**YOUR ASSIGNMENT:**
Would you please repeat exactly the entries below, starting at the line with "L’association COSMOS a" and ending at the line with "Peça de madeira", and nothing outside that range? Leave out the pictures.

**DATA SHOWN:**
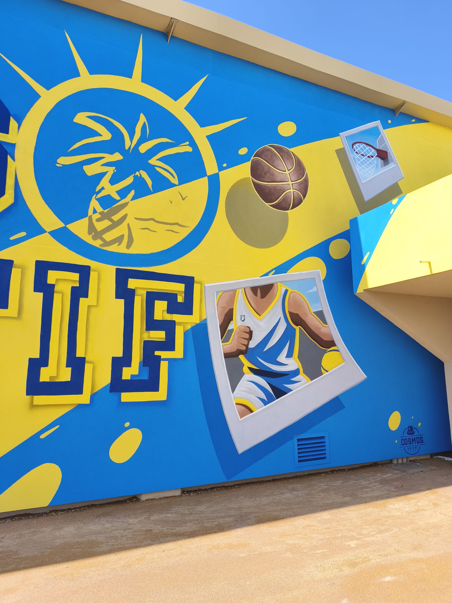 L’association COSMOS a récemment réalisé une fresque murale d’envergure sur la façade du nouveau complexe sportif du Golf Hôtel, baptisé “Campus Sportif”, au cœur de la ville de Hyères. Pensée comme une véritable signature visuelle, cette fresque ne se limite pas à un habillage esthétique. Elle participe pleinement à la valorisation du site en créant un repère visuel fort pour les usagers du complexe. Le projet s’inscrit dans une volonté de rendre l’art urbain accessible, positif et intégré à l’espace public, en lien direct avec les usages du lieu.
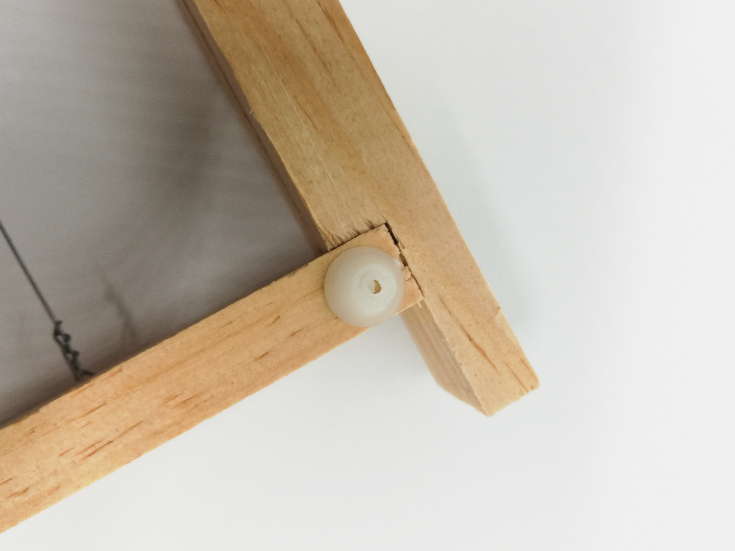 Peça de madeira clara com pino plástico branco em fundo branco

--

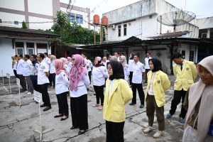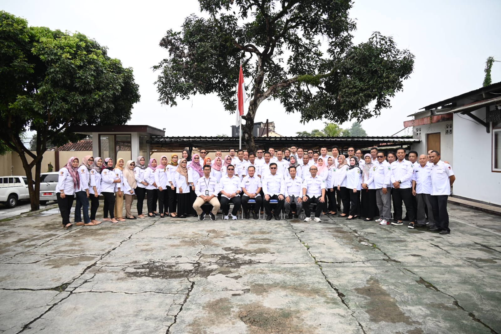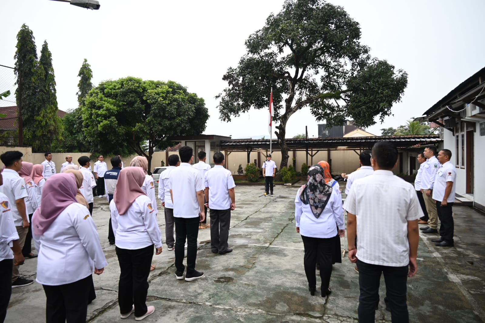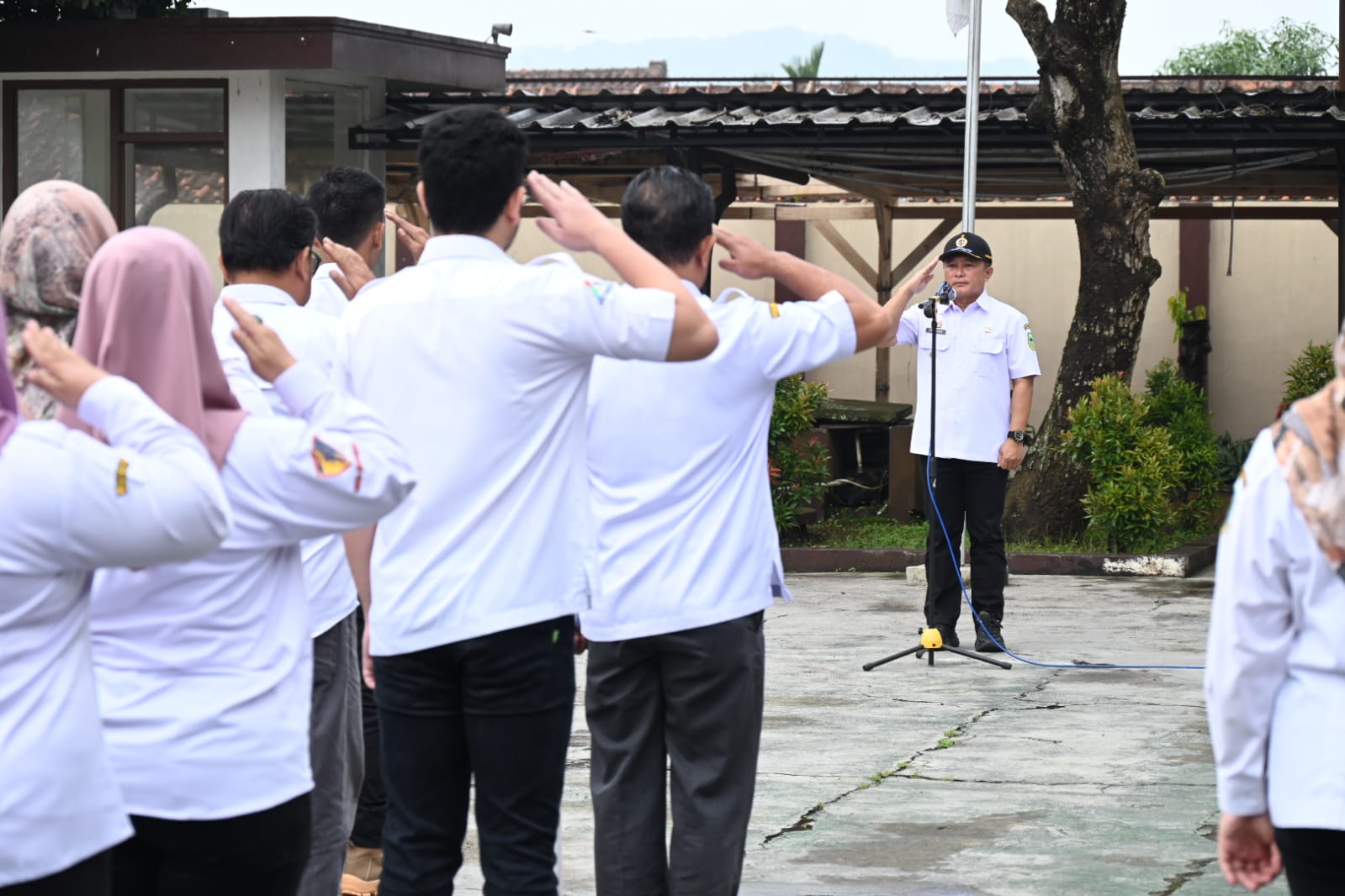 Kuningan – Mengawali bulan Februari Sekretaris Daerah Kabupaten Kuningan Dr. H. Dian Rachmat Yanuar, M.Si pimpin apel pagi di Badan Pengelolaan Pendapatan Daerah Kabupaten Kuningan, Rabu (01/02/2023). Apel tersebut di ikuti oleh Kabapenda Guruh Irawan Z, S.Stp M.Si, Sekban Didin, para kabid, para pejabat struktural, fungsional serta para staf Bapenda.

**WORKED SOLUTION:**
 L’association COSMOS a récemment réalisé une fresque murale d’envergure sur la façade du nouveau complexe sportif du Golf Hôtel, baptisé “Campus Sportif”, au cœur de la ville de Hyères. Pensée comme une véritable signature visuelle, cette fresque ne se limite pas à un habillage esthétique. Elle participe pleinement à la valorisation du site en créant un repère visuel fort pour les usagers du complexe. Le projet s’inscrit dans une volonté de rendre l’art urbain accessible, positif et intégré à l’espace public, en lien direct avec les usages du lieu.
 Peça de madeira clara com pino plástico branco em fundo branco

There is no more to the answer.